Technology startup Ema, short for Enterprise Machine Assistant, said Tuesday that it has raised $25 million (Rs 207 crore) in funding from a host of investors and that it has emerged from stealth mode.
The startup, which focuses on using generative artificial intelligence (AI) on an enterprise level, said it raised Series A funding from venture capital firms Accel, Section 32, Prosus Ventures and Wipro Ventures.
Prior to that, in July 2023, the startup raised a seed funding round from Venture Highway, AME Cloud Ventures, Frontier Ventures, Maum Group and Firebolt Ventures.
The startup did not disclose the exact amount raised in each of the two rounds.
Founded in March 2023 by Surojit Chatterjee and Souvik Sen, Ema uses its patent-pending technology to boost productivity across every role in the enterprise by automating any complex workflow, standard or specialized.
“Our mission is to transform enterprises and empower every employee to work faster with the help of simple-to-activate, accurate and trustworthy AI employees,” said Chatterjee, co-founder and chief executive officer, Ema.
Prior to founding the startup, Chatterjee was associated with Coinbase and played a key role in their initial public offering in 2021 as its Chief Product Officer.
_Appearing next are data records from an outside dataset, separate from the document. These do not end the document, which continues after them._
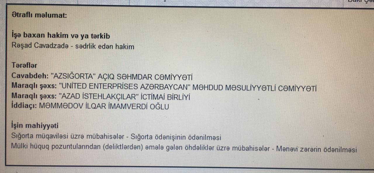 Bununla bağlı vətəndaş “AZSIĞORTA” ASC-ni Bakı Şəhəri Yasamal Rayon Məhkəməsinə vermişdir.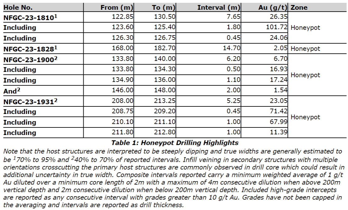 - 26.4 g/t Au over 7.65m in NFGC-23-1810, intersected at a vertical depth of 91m, and 23.1 g/t Au over 5.25m in NFGC-23-1931, located a further 100m down-dip, are part of a new discovery called Honeypot that was found along the east side of the AFZ, 230m north of Jackpot and 1.3km north of Lotto. This discovery was made as a result of a follow-up drill program testing a mineralized fault that was initially identified by grid drilling (Figures 1-4).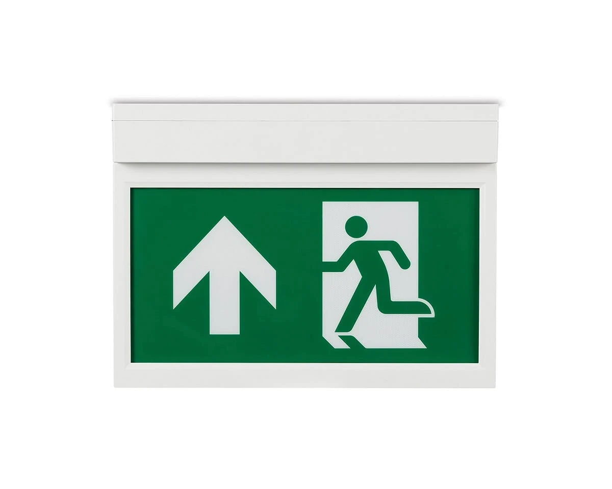 An emergency exit blade label, showing exit sign up · · · Comes as an PVC label for ease of installation · · Instantly and unmistakably indicate the exit routes · · Complying with ISO 3864-1, and proud members of the ICEL · · 1m H05RN-F rubber cable attached for permanent use outdoors

An alumnus of the MIT Sloan School of Management, he has also worked with Google as the vice president and head of product for Google Mobile Ads and Google Shopping.
Ema says its offering—the so-called Universal AI Employee—is designed to emulate the capabilities of a human employee. The AI system can engage in conversations, comprehend context, take continuous human feedback, reason, make informed decisions, and collaborate with human employees on complex projects. It performs a range of complex tasks across different domains, thus improving tech adoption and boosting productivity. It is built as one platform that integrates with multiple enterprise applications and reduces the hours typically needed for onboarding new technology.
“GenAI has the potential to unlock efficiency in enterprises, which CXOs globally have very well recognised. To enable it at scale will require collaboration between human and AI employees,” said Subrata Mitra, partner, Accel.